Ему всегда тут не по себе. Вздрагивает как мышь от каждого звука. А я привык.
— Иногда выбирать
— Да знаю, но стремно так, — морщится, закатывая рукава на рубашке.
Офисный планктон.
— Зато получаешь ценный опыт, Ром.
— Какой?
— По итогу осознаешь, что застрять тут на всю жизнь не хотел бы…
Молчит.
И как же бесит этот его взгляд! Сочувствующий и жалостливый.
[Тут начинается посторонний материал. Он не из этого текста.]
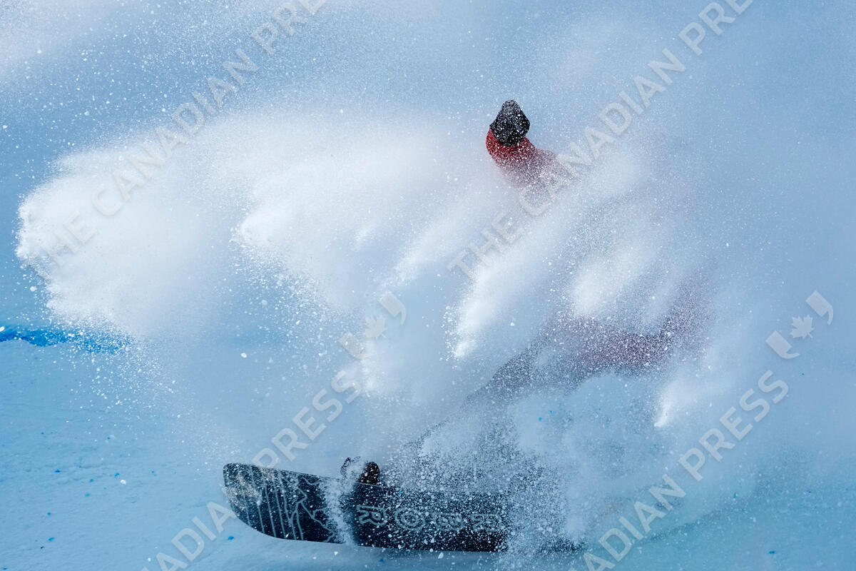 Niek van der Velden of the Netherlands crashes as he lads during his run during the men's snowboard big air finals of the 2022 Winter Olympics, Tuesday, Feb. 15, 2022, in Beijing. (AP Photo/Jae C. Hong)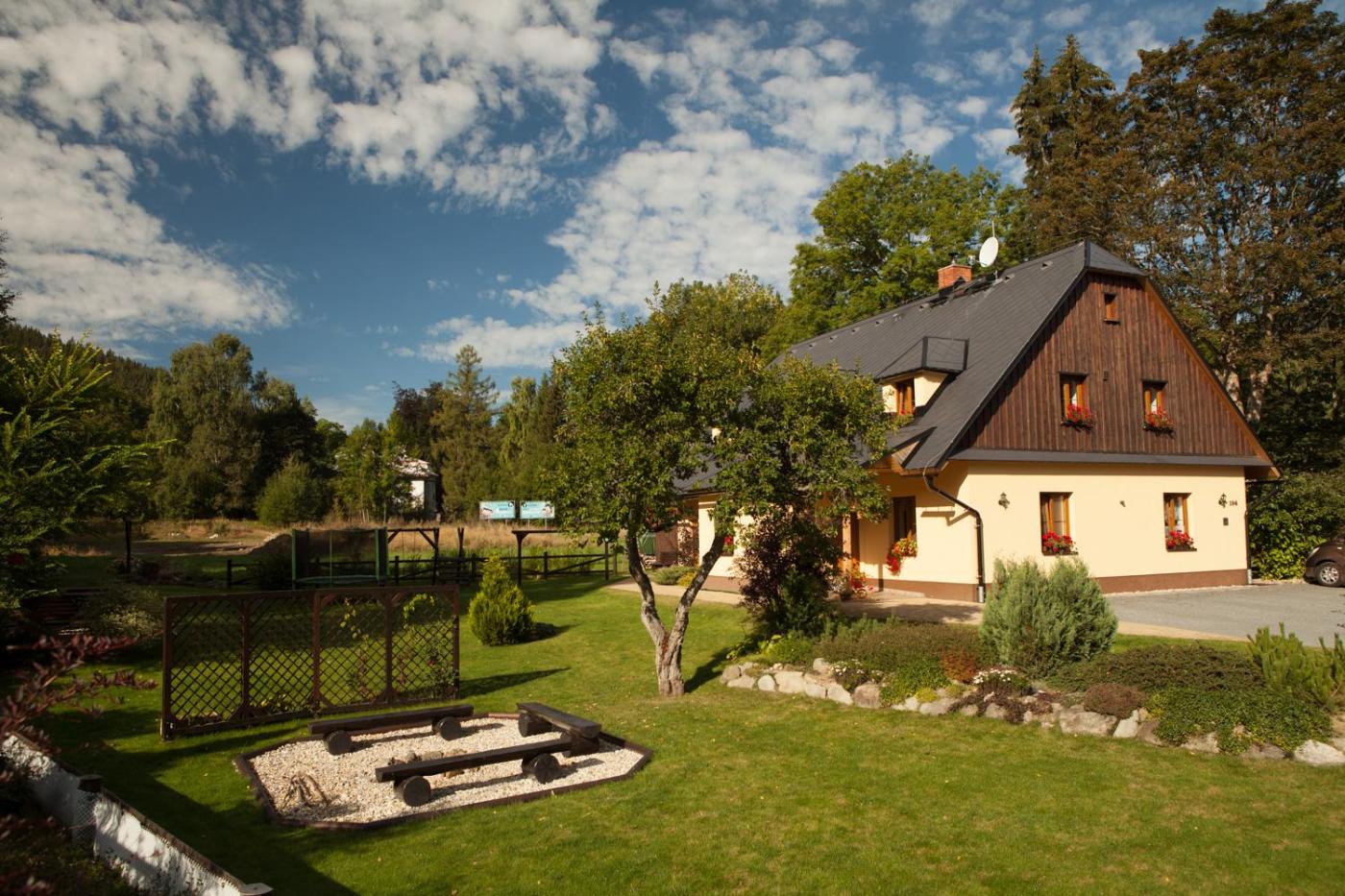 Located in Malá Morávka, 16 km from Praděd, Penzion pod Stráni has ski-to-door access, private parking and rooms with free WiFi access. The property features garden views and is 45 km from Museum of Paper Velké Losiny. Featuring family rooms, this property also provides guests with an outdoor fireplace.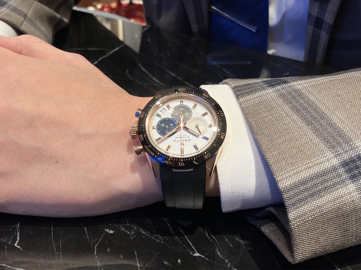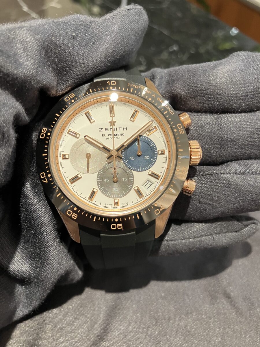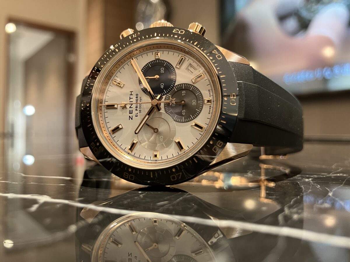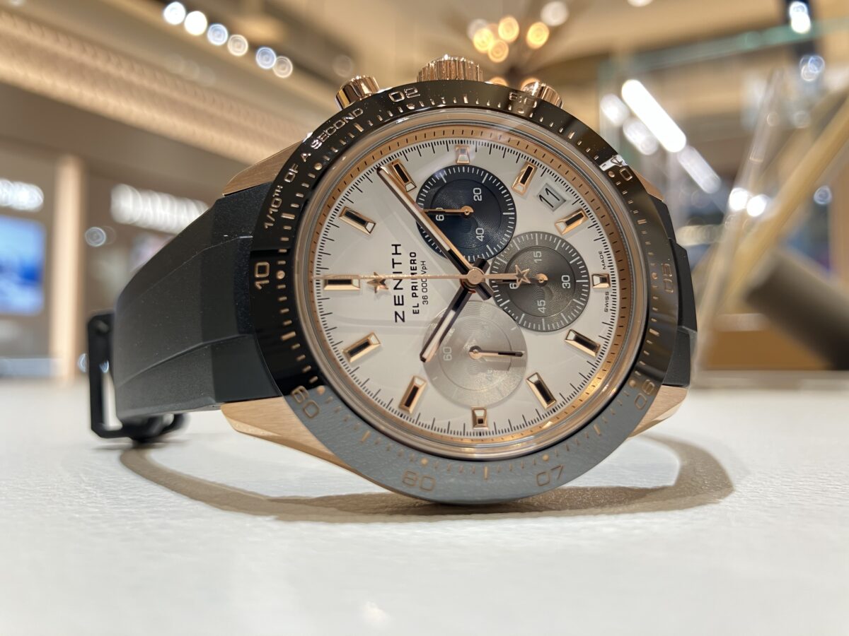 今回はゼニス クロノマスタースポーツの中でもゴールドを用いた上位機種をご紹介いたします。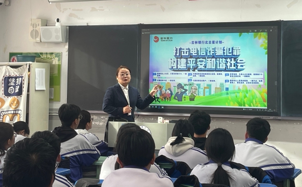 吉林银行长春东盛支行走进长春市第六中学,开展了以“打击电信诈骗犯罪 构建平安和谐社会”为主题的教育课。通过生动的案例分析和实用的防范技巧讲解,帮助学生全面认识电信网络诈骗,增强自我保护意识。活动还鼓励学生化身“家庭反诈小卫士”,将所学传递给家人,共同守护家庭财产安全。

Сострадание из него так и прет.
— Много здесь буйных? — спрашивает после того, как раздается очередная порция пронзительного крика.
— Ну есть, — пожимаю плечом. — Их отдельно держат, в другом блоке.
— А те, с которыми общаешься ты? Они как, совсем больные?
Пожалуй, настала следующая фаза. Рому раздирает любопытство.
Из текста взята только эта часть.